Those two steps will tell me if Mayer, a supposedly "technology" focussed CEO will be able to go head-head with Yahoo! IT. (It should say something that I even have to suggest the CEO of the company needs to go "head-head" with the IT organization)

2 comments

When at Yahoo, I had multiple flame wars with the exec in charge of the Blackberries decision. I was told in no uncertain terms how it was the only option due to security/other concerns and this person just didn't care much about the loss in productivity. Happy to see Marissa sorted that out in her first month.
Blackberries were the only reasonable choice at some point in the past. It's not reasonable to compare blackberries vs. other phones in 2006 or 2008 vs. 2011 or 2012.
Not only where they the only reasonable choice - they were the perfect choice - I can recall our entire executive team living on their blackberries non-stop. Before Push-Email, unlimited SMS (and IP based alternatives, like WhatsApp), and Enterprise IM became so predominant, blackberries were the best way of staying in 24x7 contact with everyone else.

I'll even make the argument that the Blackberry might have been the better choice in 2007/2008, and, just possibly, sneaking into 2009. The iPhone lacked reasonable exchange support for it's first iteration, push email wasn't there, and the Mobile Data Management (MDM) policies and security were slim to none.

But any company that was agile, and technologically savvy, and particularly those that were focussed on consumer digital strategies, started shifting over to the popular smartphones (IOS first, Android Second) by 2011 at the very latest. Yahoo! IT's love of the blackberry has held that company back. If every one of their engineers, and executives lived on an Android/iPhone, their mobile strategy would be seeing a lot more love.

The Department of Defense might make an argument for using blackberries. Yahoo! can't.

No excuse to not switch when 2010 rolled around, especially when mobile became one of Yahoo's top priorities.
Yeah, I think the transition point was 2009-2010 with the 3GS and commercial MDMs. Deploying iPhone/Android today without an MDM is actually still worse in a corp environment than using blackberry+BES, and when the first iphones and androids came out, there was no MDM available.

I don't remember 2008-2009 all that well, but I think Airwatch was 2009, and there was some weak Zenprise support in late 2008.

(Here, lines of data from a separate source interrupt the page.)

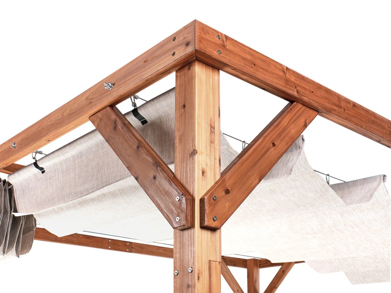 Este gazebo es la solución perfecta para crear un espacio acogedor y natural en tu exterior. Con su elegante estructura de madera de abeto y su diseño atemporal, aporta un toque de calidez y estilo a cualquier jardín o terraza.
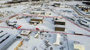 For Sale · 4.74+/- Titled Acres in a fenced & gated industrial parcel just west of Sundre, AB. Property boasts a 7,440 +/- sq ft heated Shop #1 with an attached axillary building that has a washroom, utility room, office, & mechanical bay. Building has 4 (20’x20’ doors) & 1 (30’x30’ door) on south end & an overhead crane. Property has an administrative office,which is 1579 +/- sq ft & contains 6 office spaces, meeting room, reception area, print area, staff lounge & washroom. There are two other large shops on property. Shop #2 is +/- 2400 sq ft & has 2 (20’x20’ doors) & is not presently heated, it also has an overhead crane. Shop #3 is formed by 12 sea cans utilized as sidewalls & is +/- 4800 sq ft plus +/- 1280 sq ft in 3 tiers of seacans & is not heated. One sea can is accessible from the interior of building & two are accessible from west side of building. The other sea cans are only accessible from end doors. There is also a concrete block & containment area, which is about +/- 1440 sq ft. suitable for storing shavings, soil, or equipment. Opportunity & entrepreneurism awaits. Potential for leasing.
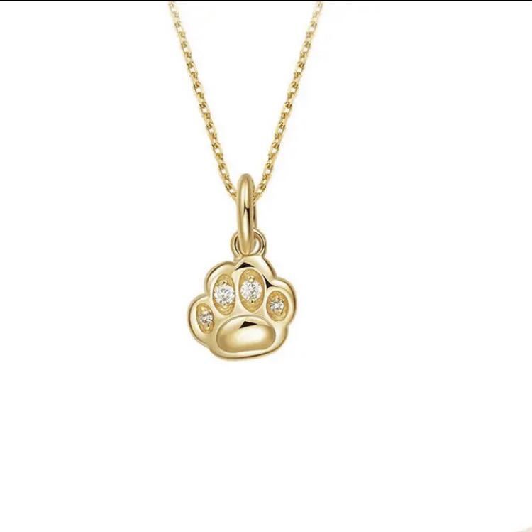 - ネコ 猫 ネックレス リング 2点セット レディース スワロフスキー ジルコニア 4月 誕生石ネコ 肉球
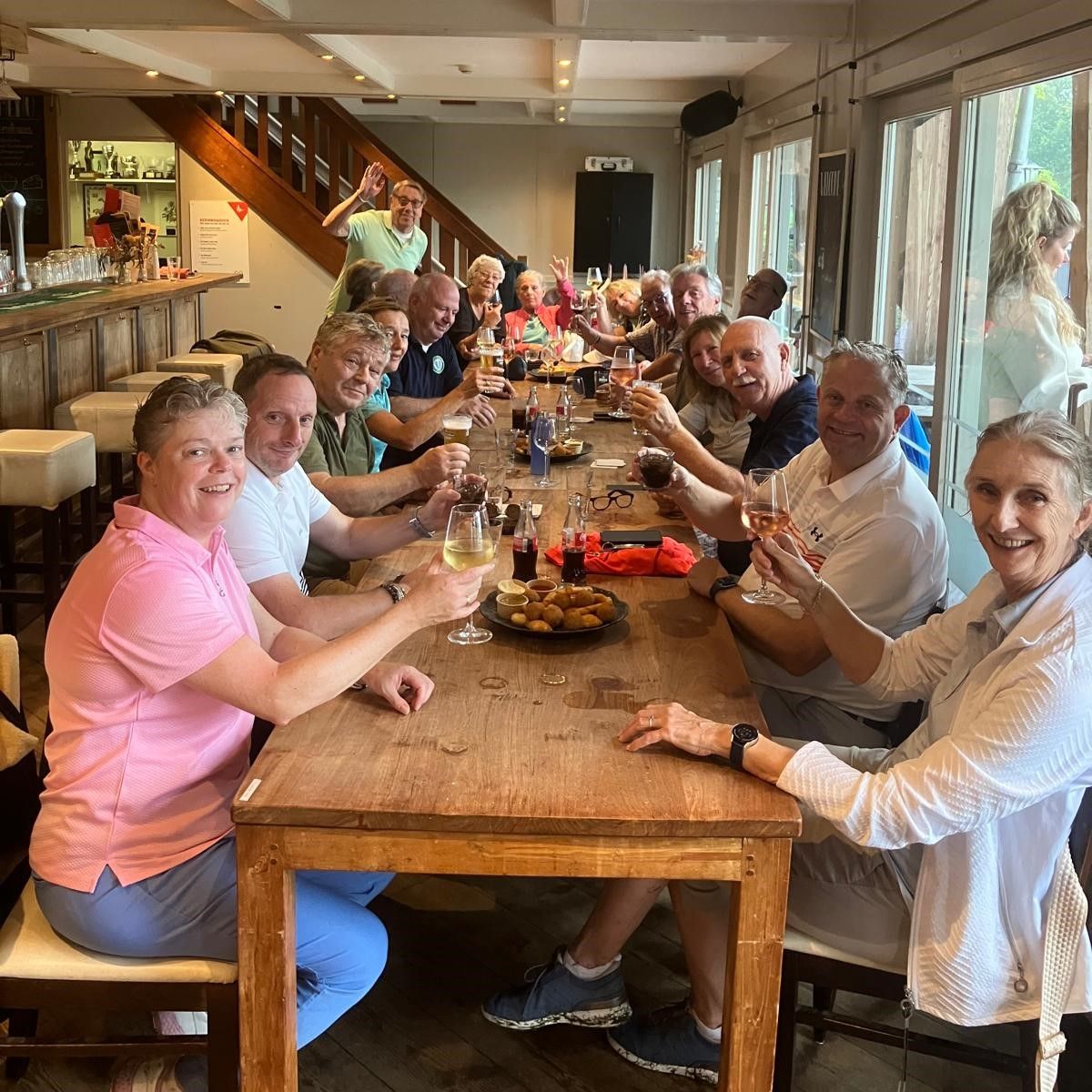In het clubhuis hadden de andere deelnemers intussen met kunst en vliegwerk een grote stamtafel gebouwd. Toen uiteindelijk iedereen binnen was kon het feest direct beginnen. De uitreiking van de prijzen voor de verliezersronde en natuurlijk de winnaars. Zij kregen allen een ontzettend leuke glazen trofee met opschrift uitgereikt.
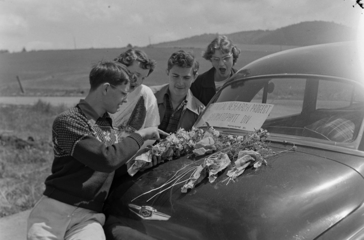 A student research team is in the field examining a variety of specimens on the trunk of a car.
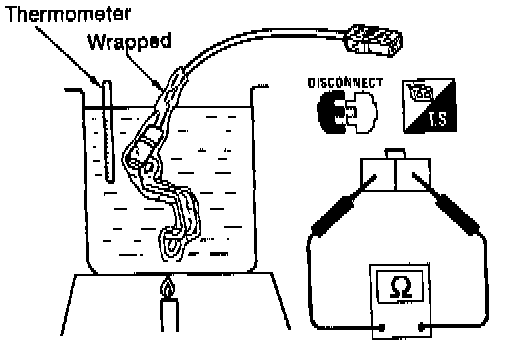 Check resistance between two terminals while changing temperature as shown.

> Sometimes I think powerful personalities at Yahoo! IT, with a bit too much money and people working for them, have caused a not insignificant amount of the downfall at Yahoo! by treating the company like it was a financial firm, or the Department of Defense, instead of a digital media destination

I've seen much the same thing happen at a company I worked at in the early late 1990's and early 2000's. The CIO had a heroic moment years ago and used the political capital to run IT as he saw fit, catering to the email/web needs on the sales/business side, but demonizing engineers who had more stringent needs. (Even to the point of a crony calling the complaining engineers "terrorists" in a public speech shortly after 9-11.)